Os contratos futuros do milho registraram alta na bolsa de Chicago, enquanto alguns operadores previram que o USDA poderia reduzir ainda mais sua estimativa de safra em relatórios futuros.
“Não é uma safra ruim, mas está bem aquém da do ano passado”, disse Jim Gerlach, presidente da A/C Trading em Brookston, Indiana.
Analistas esperavam uma safra de milho de 15,785 bilhões de bushels e um rendimento de 178,2 bushels por acre, além de uma safra de soja de 4,501 bilhões de bushels, com um rendimento médio de 52,5 bushels por acre, de acordo com uma pesquisa da Reuters.
Preços das colheitas em alta
Os agricultores estão aproveitando os preços mais altos dos grãos em cerca de três anos, pois a guerra na Ucrânia alimentou preocupações com a oferta ao interromper as exportações da região do Mar Negro.
Os preços da soja atingiram uma máxima de três anos na sexta-feira, impulsionados pelo otimismo de que a China, principal importadora, comprará suprimentos dos EUA durante uma cúpula comercial em Washington neste mês entre o presidente dos EUA, Donald Trump, e seu homólogo chinês, Xi Jinping.
O USDA elevou, em seu relatório, o preço médio da safra em 30 centavos por bushel para o milho e em 60 centavos para a soja.
Mas os altos preços das safras não significam necessariamente lucros expressivos para os agricultores, que enfrentam custos recordes com diesel e contas elevadas com fertilizantes — ambos dispararam desde que o governo Trump atacou o Irã, levando a interrupções no comércio pelo Estreito de Ormuz.
“A lucratividade para o produtor talvez não tenha mudado tanto quanto o simples aumento dos preços em si sugeriria”, disse Jim McCormick, diretor de operações da AgMarket.net.
Não está claro se os preços das safras permanecerão altos o suficiente por tempo suficiente para ajudar a reverter um problema na economia agrícola dos últimos quatro anos.
Tanto produtores quanto economistas afirmaram que o ambiente de negócios atual está entre os piores desde que uma onda de execuções hipotecárias e falências prejudicou os agricultores dos EUA na década de 1980.
Estoques finais se reduzem
Estimativas mais baixas para a produção de milho poderiam ajudar a sustentar os preços.
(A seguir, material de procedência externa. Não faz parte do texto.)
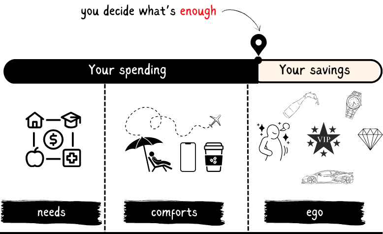 Ego: These are the expenses that masquerade as “comforts” but, in reality, aim to project an image of success to others. Social status and hierarchy have always been important to humans, and it would be naive to think that these impulses don’t influence our spending.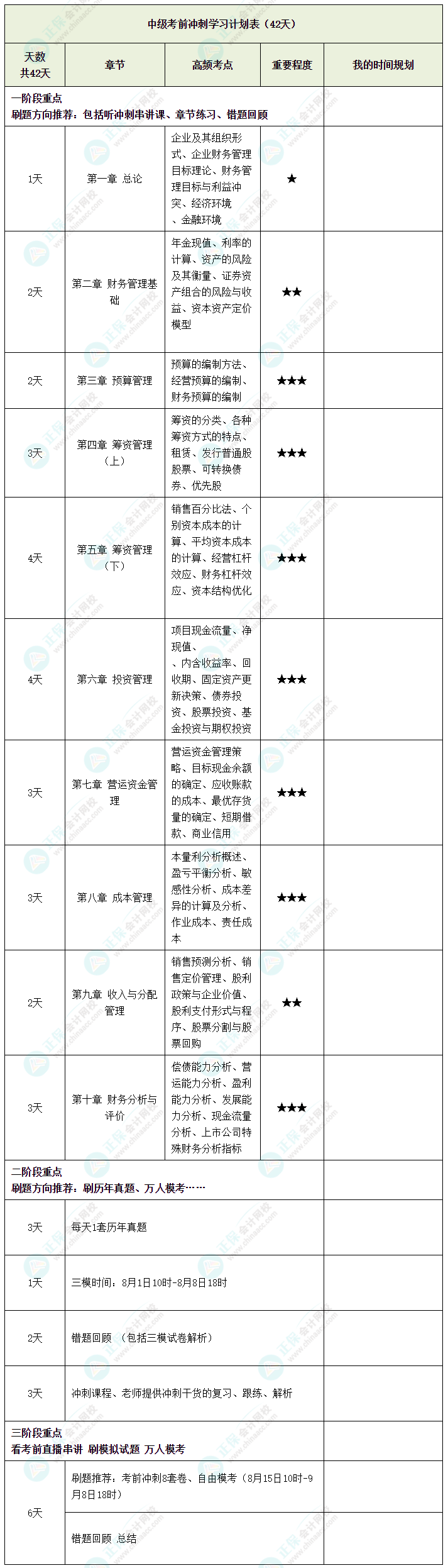 点击下载 《中级财务管理》考前冲刺学习计划表(42天)
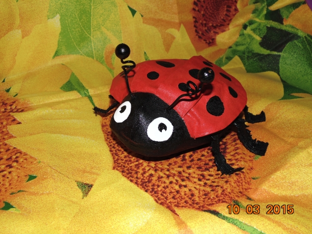 Всем,добрый день!!! В прошлом топике я показала несколько новых игрушек из фоамирана.Есть там божья коровка.Изначально я планировала на подставочке скомпоновать её с коробочкой -пироженкой.Но в процессе рассматривания фотографий поняла,что букашечка эта вполне самодостаточная барышня. Вчера я добавила ей пару аксессуаров и теперь ---Капа спешит на праздник.!Однако,терзают смутные сомненья,не переусердствовала ли я с зелёным цветом?Может подставку сделать более нейтрального оттенка?Как вам кажется? Может...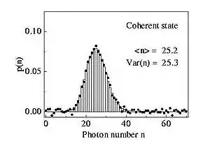 - که ها ویژه حالتهای (عددی) هامیلتونی انرژی هستند؛ که یک توزیع پواسونی است. احتمال مشاهده n فوتون عبارتست از: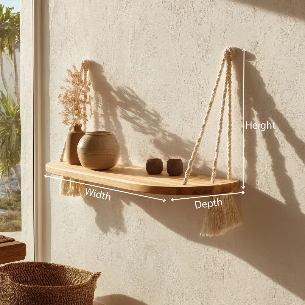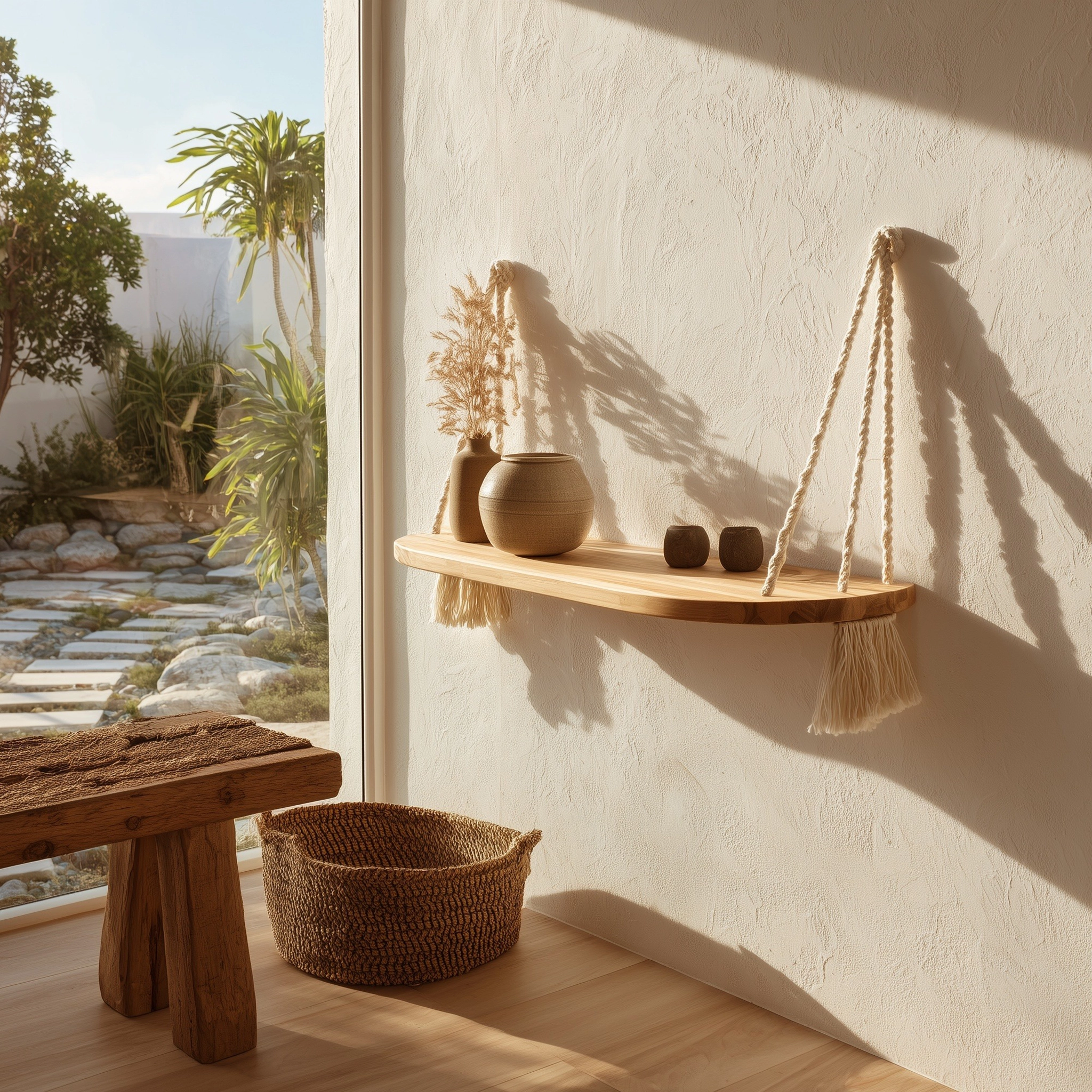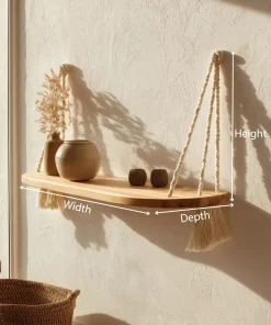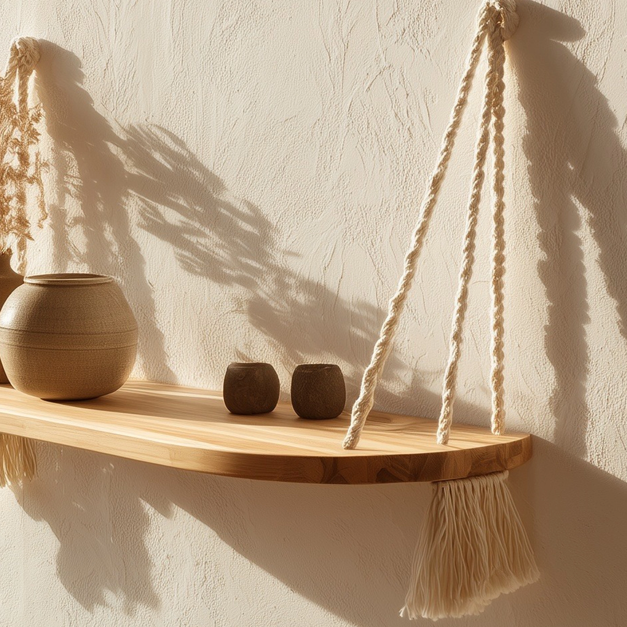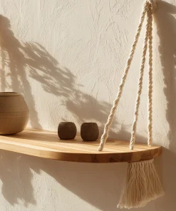 This hanging shelf features a gently curved wooden surface paired with knotted rope supports, creating a balanced composition of structure and softness. The rounded edges and visible rope details bring a warm, handcrafted character that complements light-filled interiors.

Setembro é o primeiro mês de cada ano em que os estatísticos do USDA utilizam amostras de campo para determinar as produtividades do milho e da soja, além de pesquisas com agricultores e dados de satélite.
Após a exportação das safras e seu uso na alimentação do gado dos EUA e na fabricação de biocombustíveis ao longo do próximo ano, o USDA estimou que os estoques finais de milho dos EUA serão de 1,567 bilhão de bushels em 31 de agosto de 2027. Os estoques finais de soja foram estimados em 310 milhões de bushels.
Os analistas esperavam estoques finais para 2026/27 de 1,528 bilhão de bushels para o milho e 298 milhões de bushels para a soja. Em agosto, o USDA estimou os estoques de milho em 1,653 bilhão de bushels e os de soja em 320 milhões de bushels.
Para o trigo, o USDA estimou os estoques finais de 2026/27 em 717 milhões de bushels, sem alteração em relação a agosto e ligeiramente abaixo das expectativas dos analistas, de 719 milhões.
USDA eleva previsão de safra 2025/26 de milho do Brasil
A safra de milho do Brasil 2025/26 foi estimada nesta sexta-feira em 141 milhões de toneladas, aumento de 1 milhão de toneladas em relação à projeção de agosto, à medida que a colheita está quase finalizada, de acordo com dados do Departamento de Agricultura dos EUA (USDA).
Por outro lado, o USDA manteve em 139 milhões de toneladas a projeção da safra de milho do Brasil em 2026/27, que está em início de plantio.
O USDA ainda manteve as projeções de safras de soja 2026/27, em 186 milhões de toneladas, e 2025/26, em 180,50 milhões de toneladas.